Give information about ADHD and offer additional support to parents and carers. The support should be ADHD focused, can be group-based and as few as 1 or 2 sessions and should include education and information on the causes and impact of ADHD, advice on parenting strategies, liaison with school, college, or university (with consent). If there are also symptoms of oppositional defiant disorder or conduct disorder, offer parents and carers a parent-training programme, as well as group-based ADHD-focused support. Medication should only be offered if ADHD symptoms are still causing a persistent, significant impairment in at least one domain, after environmental modifications have been implemented and reviewed, after the individual and their parents and carers have discussed information about ADHD and after a baseline assessment has been carried out. 
A course of Cognitive Behavioural Therapy (CBT) should be considered for young people with ADHD who have benefited from medication but whose symptoms are still causing a significant impairment in at least one domain.
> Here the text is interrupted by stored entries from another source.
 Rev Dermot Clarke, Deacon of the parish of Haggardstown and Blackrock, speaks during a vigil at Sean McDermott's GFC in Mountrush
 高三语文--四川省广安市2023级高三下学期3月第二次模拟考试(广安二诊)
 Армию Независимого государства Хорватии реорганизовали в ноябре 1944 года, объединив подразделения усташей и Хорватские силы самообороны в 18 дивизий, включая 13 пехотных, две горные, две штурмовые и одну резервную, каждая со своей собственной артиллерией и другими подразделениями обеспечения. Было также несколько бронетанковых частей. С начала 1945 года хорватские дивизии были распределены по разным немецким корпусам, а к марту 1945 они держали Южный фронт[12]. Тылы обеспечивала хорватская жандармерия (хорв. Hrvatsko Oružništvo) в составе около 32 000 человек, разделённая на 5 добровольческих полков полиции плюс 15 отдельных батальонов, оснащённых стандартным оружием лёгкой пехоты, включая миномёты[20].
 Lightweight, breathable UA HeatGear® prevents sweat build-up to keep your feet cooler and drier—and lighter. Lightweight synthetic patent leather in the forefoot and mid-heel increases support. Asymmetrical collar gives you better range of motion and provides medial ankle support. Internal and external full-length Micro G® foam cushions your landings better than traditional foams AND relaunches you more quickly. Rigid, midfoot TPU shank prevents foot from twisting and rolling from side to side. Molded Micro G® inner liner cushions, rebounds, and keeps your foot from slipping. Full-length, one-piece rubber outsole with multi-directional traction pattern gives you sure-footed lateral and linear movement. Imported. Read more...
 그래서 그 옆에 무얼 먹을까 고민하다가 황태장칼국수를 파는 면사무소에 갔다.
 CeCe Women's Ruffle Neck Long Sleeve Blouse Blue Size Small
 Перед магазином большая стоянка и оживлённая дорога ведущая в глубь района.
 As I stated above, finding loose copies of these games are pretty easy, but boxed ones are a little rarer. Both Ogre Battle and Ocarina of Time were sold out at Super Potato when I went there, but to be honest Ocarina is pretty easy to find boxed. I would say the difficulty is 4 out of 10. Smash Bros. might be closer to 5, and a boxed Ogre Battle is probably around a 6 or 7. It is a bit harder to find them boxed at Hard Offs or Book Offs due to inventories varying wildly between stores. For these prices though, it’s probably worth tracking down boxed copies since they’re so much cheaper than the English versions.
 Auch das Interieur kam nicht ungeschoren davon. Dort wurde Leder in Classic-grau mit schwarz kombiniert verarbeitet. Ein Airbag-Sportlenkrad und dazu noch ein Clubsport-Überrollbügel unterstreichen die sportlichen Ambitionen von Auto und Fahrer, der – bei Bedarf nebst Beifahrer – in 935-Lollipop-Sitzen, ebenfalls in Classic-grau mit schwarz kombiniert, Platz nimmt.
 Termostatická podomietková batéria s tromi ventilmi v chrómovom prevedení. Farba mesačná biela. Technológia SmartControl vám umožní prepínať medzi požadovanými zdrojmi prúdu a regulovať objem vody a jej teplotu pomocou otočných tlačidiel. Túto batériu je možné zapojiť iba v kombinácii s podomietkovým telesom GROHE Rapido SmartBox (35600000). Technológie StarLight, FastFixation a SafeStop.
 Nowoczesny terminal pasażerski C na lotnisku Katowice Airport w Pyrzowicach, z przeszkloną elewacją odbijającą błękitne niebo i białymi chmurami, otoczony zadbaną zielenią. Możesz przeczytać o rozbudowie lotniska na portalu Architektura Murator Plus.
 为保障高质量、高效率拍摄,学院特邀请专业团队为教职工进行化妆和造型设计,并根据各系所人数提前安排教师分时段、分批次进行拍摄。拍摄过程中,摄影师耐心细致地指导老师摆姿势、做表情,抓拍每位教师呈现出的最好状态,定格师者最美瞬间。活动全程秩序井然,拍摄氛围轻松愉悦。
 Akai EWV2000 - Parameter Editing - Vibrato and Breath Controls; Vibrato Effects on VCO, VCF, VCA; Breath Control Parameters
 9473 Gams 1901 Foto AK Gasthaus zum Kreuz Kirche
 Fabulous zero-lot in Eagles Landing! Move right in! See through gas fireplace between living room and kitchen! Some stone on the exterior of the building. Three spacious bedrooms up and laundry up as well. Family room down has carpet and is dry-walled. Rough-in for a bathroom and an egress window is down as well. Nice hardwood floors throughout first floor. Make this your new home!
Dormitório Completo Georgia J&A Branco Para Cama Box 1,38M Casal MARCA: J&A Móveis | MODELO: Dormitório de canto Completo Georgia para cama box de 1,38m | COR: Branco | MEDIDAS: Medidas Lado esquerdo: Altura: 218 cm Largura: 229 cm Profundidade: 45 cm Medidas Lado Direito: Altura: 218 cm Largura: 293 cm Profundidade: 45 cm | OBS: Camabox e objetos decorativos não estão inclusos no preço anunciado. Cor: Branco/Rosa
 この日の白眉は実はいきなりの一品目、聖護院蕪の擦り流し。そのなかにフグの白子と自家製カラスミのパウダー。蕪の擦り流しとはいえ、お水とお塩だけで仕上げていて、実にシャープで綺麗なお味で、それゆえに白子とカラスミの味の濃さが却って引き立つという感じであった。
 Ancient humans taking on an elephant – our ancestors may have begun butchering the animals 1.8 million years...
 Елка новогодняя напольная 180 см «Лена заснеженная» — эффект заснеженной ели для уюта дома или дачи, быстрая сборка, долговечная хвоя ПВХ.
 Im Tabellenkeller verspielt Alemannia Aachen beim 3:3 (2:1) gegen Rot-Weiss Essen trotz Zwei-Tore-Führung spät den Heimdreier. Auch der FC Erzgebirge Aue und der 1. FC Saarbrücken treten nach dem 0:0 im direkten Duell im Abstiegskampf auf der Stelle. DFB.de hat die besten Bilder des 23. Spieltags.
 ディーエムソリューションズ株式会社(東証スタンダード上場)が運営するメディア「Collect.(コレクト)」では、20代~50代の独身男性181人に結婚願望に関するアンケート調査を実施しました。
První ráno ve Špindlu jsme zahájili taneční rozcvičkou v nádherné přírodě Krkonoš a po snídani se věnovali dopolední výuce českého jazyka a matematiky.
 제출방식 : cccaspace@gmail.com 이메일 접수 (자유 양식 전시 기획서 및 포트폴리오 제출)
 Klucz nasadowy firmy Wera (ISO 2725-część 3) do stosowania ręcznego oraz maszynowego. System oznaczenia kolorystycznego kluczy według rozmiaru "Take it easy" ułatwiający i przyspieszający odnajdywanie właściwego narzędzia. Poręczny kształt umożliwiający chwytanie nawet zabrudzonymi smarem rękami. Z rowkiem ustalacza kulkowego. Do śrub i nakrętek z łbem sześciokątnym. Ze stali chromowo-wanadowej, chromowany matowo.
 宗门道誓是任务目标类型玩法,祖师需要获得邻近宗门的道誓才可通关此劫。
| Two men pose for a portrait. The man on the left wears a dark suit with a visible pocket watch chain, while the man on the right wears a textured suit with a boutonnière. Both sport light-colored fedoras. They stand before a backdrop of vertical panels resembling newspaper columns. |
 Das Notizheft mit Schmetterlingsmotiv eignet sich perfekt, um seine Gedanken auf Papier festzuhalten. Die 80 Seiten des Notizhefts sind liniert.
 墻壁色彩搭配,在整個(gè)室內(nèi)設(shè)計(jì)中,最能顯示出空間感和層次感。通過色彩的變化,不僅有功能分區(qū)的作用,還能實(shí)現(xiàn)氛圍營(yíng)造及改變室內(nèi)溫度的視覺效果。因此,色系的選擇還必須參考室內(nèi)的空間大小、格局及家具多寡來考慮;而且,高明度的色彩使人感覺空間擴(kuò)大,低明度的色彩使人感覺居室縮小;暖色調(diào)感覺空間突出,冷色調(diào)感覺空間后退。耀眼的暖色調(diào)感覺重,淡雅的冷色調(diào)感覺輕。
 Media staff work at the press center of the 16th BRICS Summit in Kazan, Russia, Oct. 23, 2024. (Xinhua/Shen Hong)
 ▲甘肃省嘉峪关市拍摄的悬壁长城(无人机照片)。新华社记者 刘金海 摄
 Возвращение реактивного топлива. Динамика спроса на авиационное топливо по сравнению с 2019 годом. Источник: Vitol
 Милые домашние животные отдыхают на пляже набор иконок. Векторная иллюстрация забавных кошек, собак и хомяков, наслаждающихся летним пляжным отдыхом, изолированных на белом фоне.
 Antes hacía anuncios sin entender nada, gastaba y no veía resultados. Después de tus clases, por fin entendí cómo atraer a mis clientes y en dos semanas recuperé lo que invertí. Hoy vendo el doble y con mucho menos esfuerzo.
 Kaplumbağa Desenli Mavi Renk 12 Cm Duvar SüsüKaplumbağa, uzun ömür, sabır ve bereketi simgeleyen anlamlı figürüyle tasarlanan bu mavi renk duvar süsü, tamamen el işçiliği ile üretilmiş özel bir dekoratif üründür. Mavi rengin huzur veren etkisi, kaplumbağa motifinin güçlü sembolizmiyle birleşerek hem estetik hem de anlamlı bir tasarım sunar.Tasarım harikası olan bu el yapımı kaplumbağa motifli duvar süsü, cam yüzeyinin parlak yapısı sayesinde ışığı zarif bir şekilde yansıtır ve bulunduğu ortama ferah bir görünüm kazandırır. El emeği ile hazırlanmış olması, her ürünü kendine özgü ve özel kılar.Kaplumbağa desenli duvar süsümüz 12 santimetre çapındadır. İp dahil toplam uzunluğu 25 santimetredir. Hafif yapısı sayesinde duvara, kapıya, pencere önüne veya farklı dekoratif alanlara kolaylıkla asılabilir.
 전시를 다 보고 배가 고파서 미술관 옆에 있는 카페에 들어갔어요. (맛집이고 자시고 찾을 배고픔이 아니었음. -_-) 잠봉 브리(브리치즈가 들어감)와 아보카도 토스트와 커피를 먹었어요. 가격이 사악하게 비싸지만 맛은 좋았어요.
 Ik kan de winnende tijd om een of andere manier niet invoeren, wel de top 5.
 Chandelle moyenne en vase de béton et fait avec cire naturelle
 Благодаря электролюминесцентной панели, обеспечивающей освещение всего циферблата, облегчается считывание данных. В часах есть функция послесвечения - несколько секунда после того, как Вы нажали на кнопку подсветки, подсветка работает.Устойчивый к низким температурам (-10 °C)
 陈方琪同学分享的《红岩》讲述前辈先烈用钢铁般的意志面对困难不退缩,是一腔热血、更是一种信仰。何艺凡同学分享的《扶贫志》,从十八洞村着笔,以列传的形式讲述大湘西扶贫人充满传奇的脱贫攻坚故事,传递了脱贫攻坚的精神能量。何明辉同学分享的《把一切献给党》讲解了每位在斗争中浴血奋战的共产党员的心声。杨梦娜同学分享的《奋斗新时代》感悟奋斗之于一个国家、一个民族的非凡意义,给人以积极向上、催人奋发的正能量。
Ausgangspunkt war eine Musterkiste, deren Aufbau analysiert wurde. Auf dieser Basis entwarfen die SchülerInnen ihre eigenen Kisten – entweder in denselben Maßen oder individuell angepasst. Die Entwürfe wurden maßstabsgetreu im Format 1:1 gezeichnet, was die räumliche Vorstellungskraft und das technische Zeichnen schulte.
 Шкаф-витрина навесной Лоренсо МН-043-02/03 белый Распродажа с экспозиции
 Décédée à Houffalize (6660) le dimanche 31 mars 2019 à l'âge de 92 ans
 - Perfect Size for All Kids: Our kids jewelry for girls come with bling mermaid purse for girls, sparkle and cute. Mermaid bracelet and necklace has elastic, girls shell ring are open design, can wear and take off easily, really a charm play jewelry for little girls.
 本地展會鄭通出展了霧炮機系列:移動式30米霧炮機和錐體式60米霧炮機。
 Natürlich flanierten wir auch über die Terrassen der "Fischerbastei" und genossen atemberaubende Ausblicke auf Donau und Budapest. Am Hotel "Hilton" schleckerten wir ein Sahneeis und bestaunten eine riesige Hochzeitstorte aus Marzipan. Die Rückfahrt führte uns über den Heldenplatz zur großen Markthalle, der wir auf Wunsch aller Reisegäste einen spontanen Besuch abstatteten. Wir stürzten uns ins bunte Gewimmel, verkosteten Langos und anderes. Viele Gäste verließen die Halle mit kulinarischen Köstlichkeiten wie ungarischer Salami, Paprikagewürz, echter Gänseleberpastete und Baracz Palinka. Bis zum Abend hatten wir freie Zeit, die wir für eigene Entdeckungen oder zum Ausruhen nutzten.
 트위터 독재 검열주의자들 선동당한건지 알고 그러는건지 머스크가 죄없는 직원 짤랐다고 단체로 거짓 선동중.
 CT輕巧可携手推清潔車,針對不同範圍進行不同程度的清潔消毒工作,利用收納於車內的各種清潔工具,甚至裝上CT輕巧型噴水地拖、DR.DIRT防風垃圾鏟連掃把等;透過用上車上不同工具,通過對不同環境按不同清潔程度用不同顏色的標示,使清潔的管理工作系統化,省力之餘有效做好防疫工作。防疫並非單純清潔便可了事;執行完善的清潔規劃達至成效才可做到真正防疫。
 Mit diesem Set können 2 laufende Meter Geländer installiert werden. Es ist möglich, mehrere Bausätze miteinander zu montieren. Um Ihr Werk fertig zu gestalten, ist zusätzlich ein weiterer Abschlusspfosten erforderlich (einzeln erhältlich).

Medication should only be initiated by healthcare professionals with training and expertise in diagnosing and managing ADHD. For children aged 5 years and over and young people with ADHD, methylphenidate (either short or long acting) should be offered as the first line pharmacological treatment. Consider switching to lisdexamfetamine for those who have had a 6 week trial of methylphenidate, at an adequate dose, and not derived enough benefit in terms of reduced ADHD symptoms and associated impairment. Consider dexamfetamine for those whose ADHD symptoms are responding to lisdexamfetamine but who cannot tolerate the longer effect profile. Offer atomoxetine or guanfacine to those who cannot tolerate methylphenidate or lisdexamfetamine or those whose symptoms have not responded to separate 6 week trials of lisdexamfetamine and methylphenidate, having considered alternative preparations and adequate doses. Note: Methylphenidate is first-line pharmacological treatment for children aged 5 years and over and young people with ADHD. However, no formulation of methylphenidate is licensed for use in children under 6 years of age. Use in children aged 5 years (or under) is, therefore, off-label.